Founded by artists Iyabo Shabazz and Joseph R. Wheeler, this summer’s conference covered writers’ and artists’ tips to how to collect and appraise black popular media like comic books and vintage movie posters. The participants included museum curators, comic book professionals, and even the founder of a soul food museum. The other added treat besides meeting new friends was a chance to see a small but beautiful exhibit of paintings by children’s book illustrator R. Gregory Christie who also runs an open studio in Atlanta.

The conference was a great experience before the back-to-school grind. The end of the summer meant the end to some of my favorite guilty pleasures, including watching obscure and fascinating foreign indie films like I’m Not Scared, the amazing Italian movie that I won’t spoil for you since it was a little surprising and made this closet tearjerker boohoo inexplicably, or the fabulous silent, black-and-white Spanish Snow White adaptation I saw.
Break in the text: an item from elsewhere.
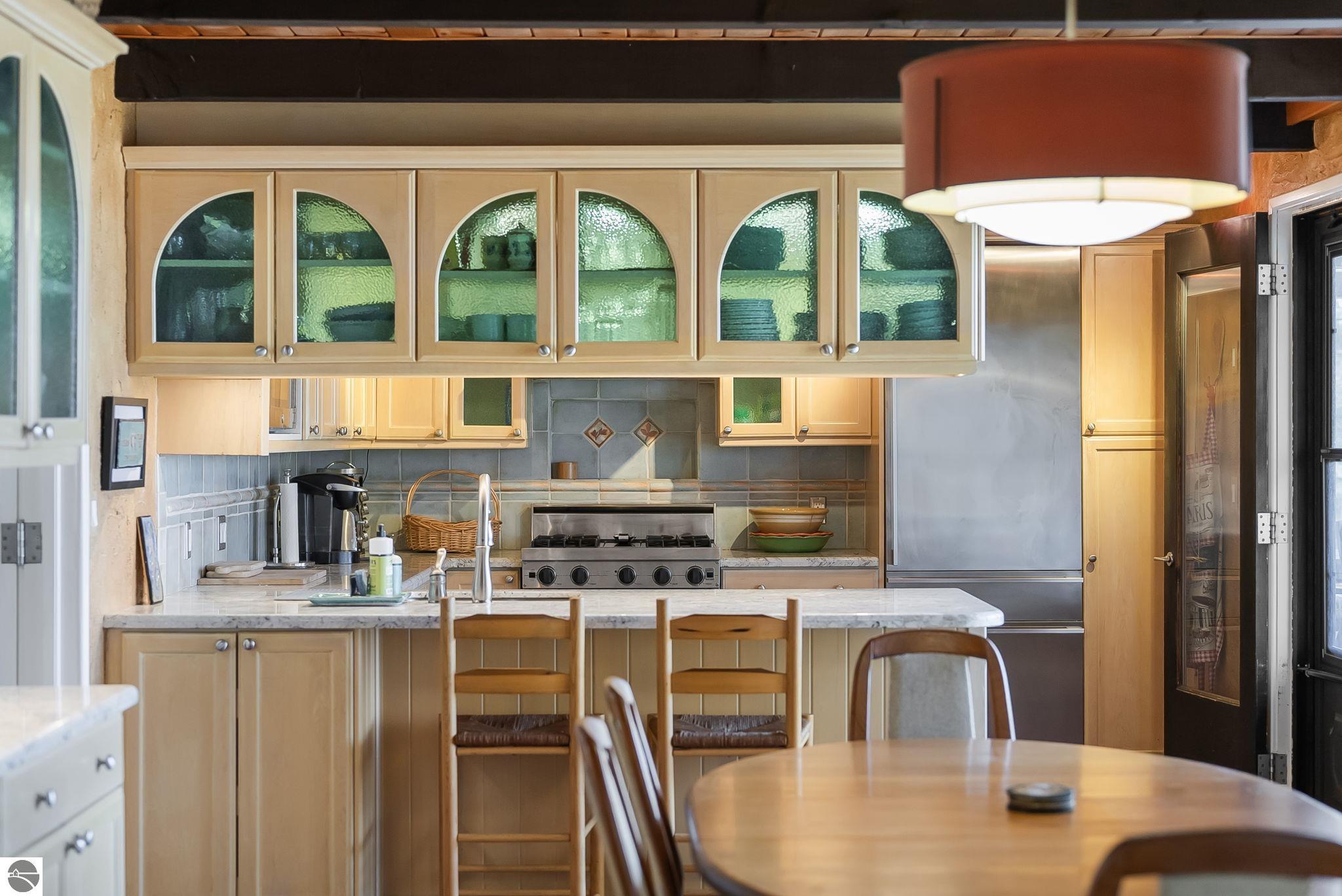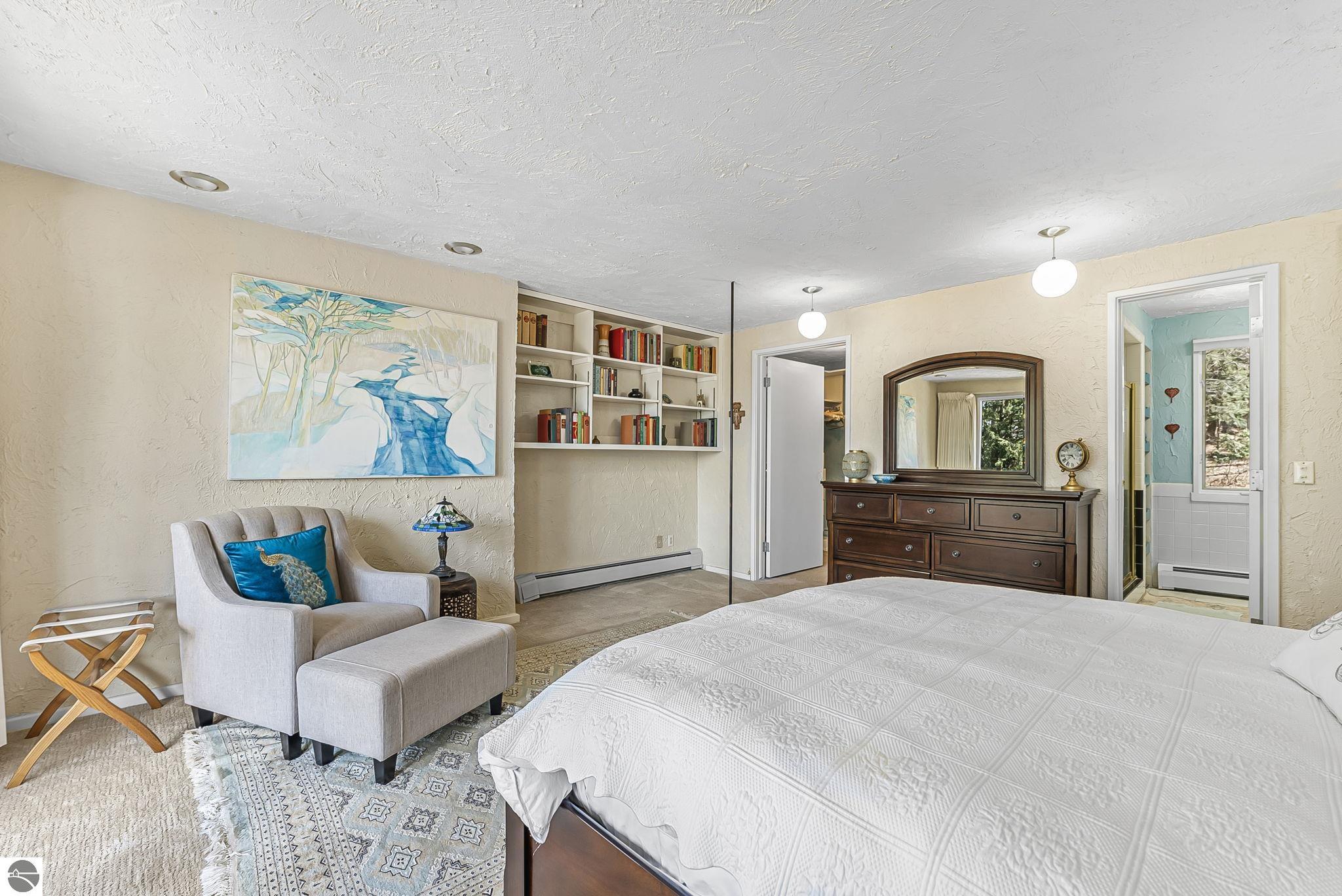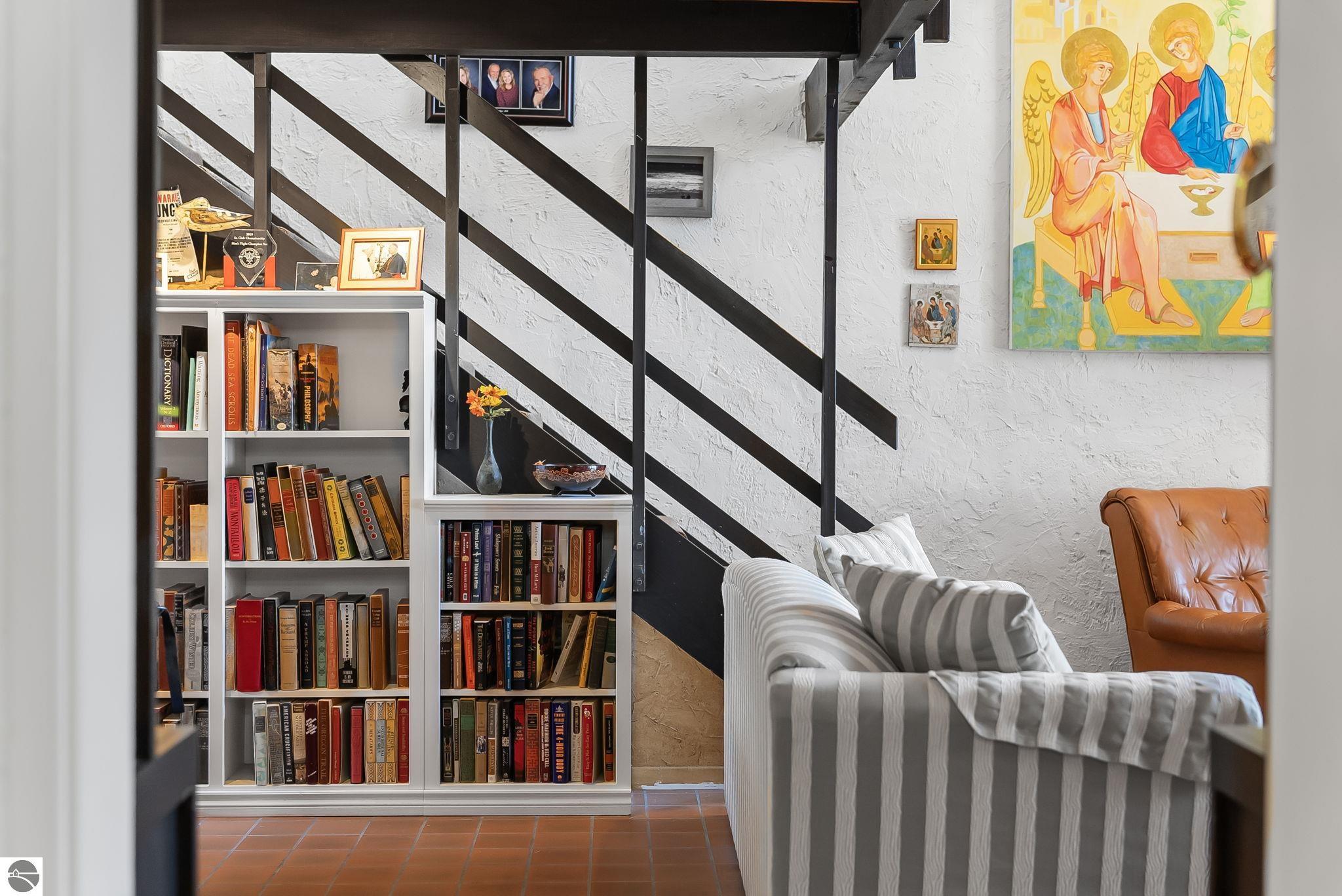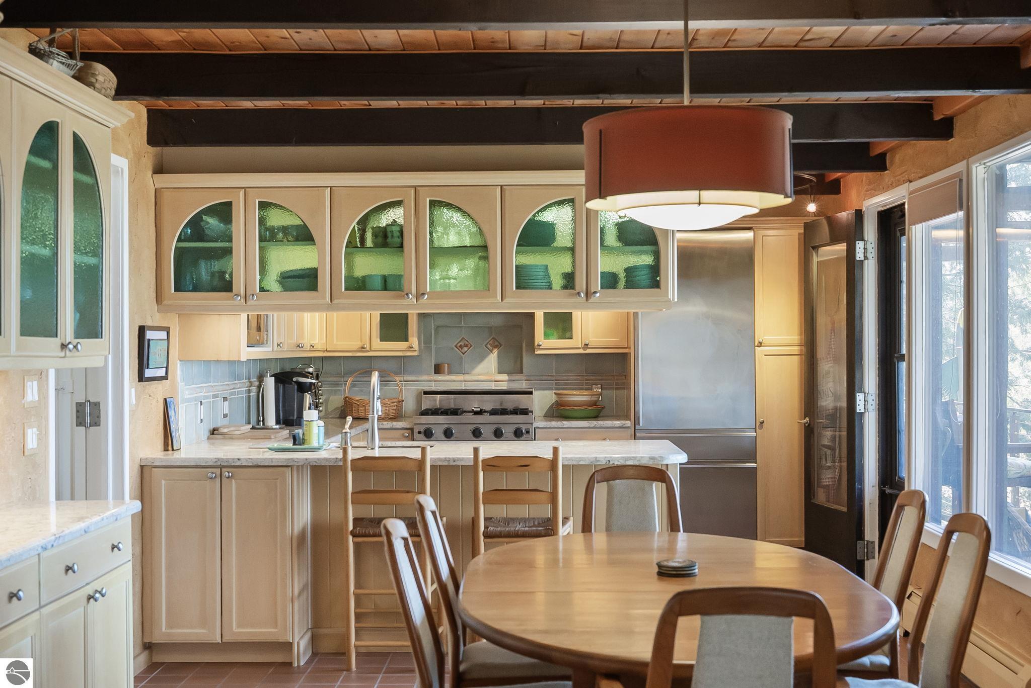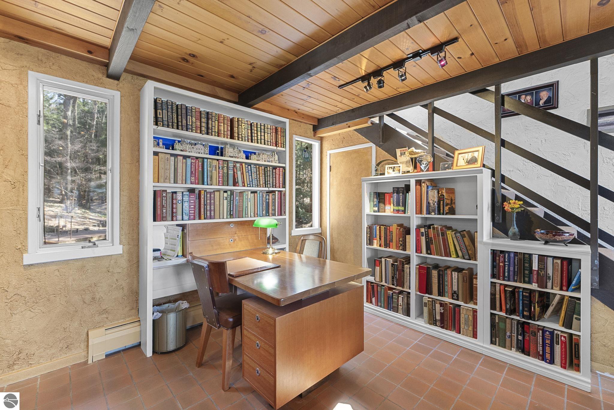 Set near the coveted base of Old Mission Peninsula, this exceptional property offers a rare combination of scale, privacy, and proximity--features seldom found in a single offering. The beautiful and unique architecture of this home is like no other on Old Mission. With just over six acres, the estate presents an extraordinary opportunity in one of Traverse City's most sought-after locations, where acreage of this magnitude is virtually unheard of. The 3,500-square-foot residence is thoughtfully positioned to capture sweeping sunset views over West Bay, with a front-row seat to summer airshows, holiday fireworks, and the ever-changing rhythm of boat traffic along the shoreline. The home offers several separate family areas for entertaining, celebrating family or simply downtime in the cozy and warm interior. Expansive windows and well-proportioned living spaces bring the outdoors in, creating a seamless connection to the surrounding landscape. With three bedrooms and three baths, the home is both substantial and comfortable, offering flexibility for year-round living or a refined seasonal retreat. Just minutes from downtown Traverse City, yet removed enough to feel private and serene, this is a truly rare holding on Old Mission Peninsula--where location, land, and view converge in a way that is increasingly difficult to find. A lower level workshop with tons of storage and a really nice sized garden shed are another bonus with this property. The Views are incredible and the wooded and rolling acreage offers so many opportunities you wont find with other homes.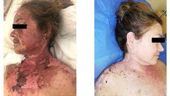 Mujer de 42 años, internada en el Servicio de Medicina Interna el 13/05/2020 por un cuadro de 2 semanas de evolución, que se inicia con secreción purulenta en el sitio de inserción de catéter de hemodiálisis y aparición de ampollas de diferentes tamaños localizadas en cuello, tronco, rostro y orejas que con el correr de los días drenan liquido seroso de forma espontánea dejando lesiones eritemato-descamativas. El cuadro se acompaña de sensación febril y escalofríos que ceden parcialmente con antipiréticos comunes. Es tratada en un centro asistencial de su localidad con vancomicina y carbamacepina. Por falta de mejoría, es remitida a nuestro Hospital. Niega cuadro similar anterior.

Set in the 1920s, Blancanieves explores the world of bullfighting, where the neglected and abused daughter of a beloved Spanish matador is rescued by a family of bullfighting dwarves (I kid you not!), who goes on to glory and tragedy, as befitting the Grimm fairy tale. The cinematography was beautiful, the costumes and actors were memorable even though as usual, the seven (or is six?) dwarves are never given anymore than broad strokes of characterization.


Special praise should be given to the wonderful child actress, Sofia Oren, who delivered a pitch perfect performance, and I loved the music and the over-the-top scenery-chewing satire of the stepmother’s performance. Maribel Verdú as Encarna was a Femme Fatale Betty Boop with some serious issues and a fierce wardrobe to match. While Blancanieves is no The Artists (it didn’t seem to take itself quite as seriously and in case you were wondering, no, no bulls were slaughtered on or off camera for this film), it is well worth watching in my humble opinion, especially for anyone who enjoys a little lore and magic in their movies.

My other guilty pleasure this summer included fussing at the Magical Negroes of the show I love to hate but can’t stop watching, The Vampire Diaries, and its great spin-off series set in New Orleans, The Originals with yet another Magical Negroe with an interesting backstory. Neither of these shows can be watched without also consulting TV.com’s hilarious photo recaps.

Speaking of Magical Negroes, in late September, a couple of days before my birthday, I saw stop. reset, the new Signature Theatre play by actress and playwright Regina Taylor in New York.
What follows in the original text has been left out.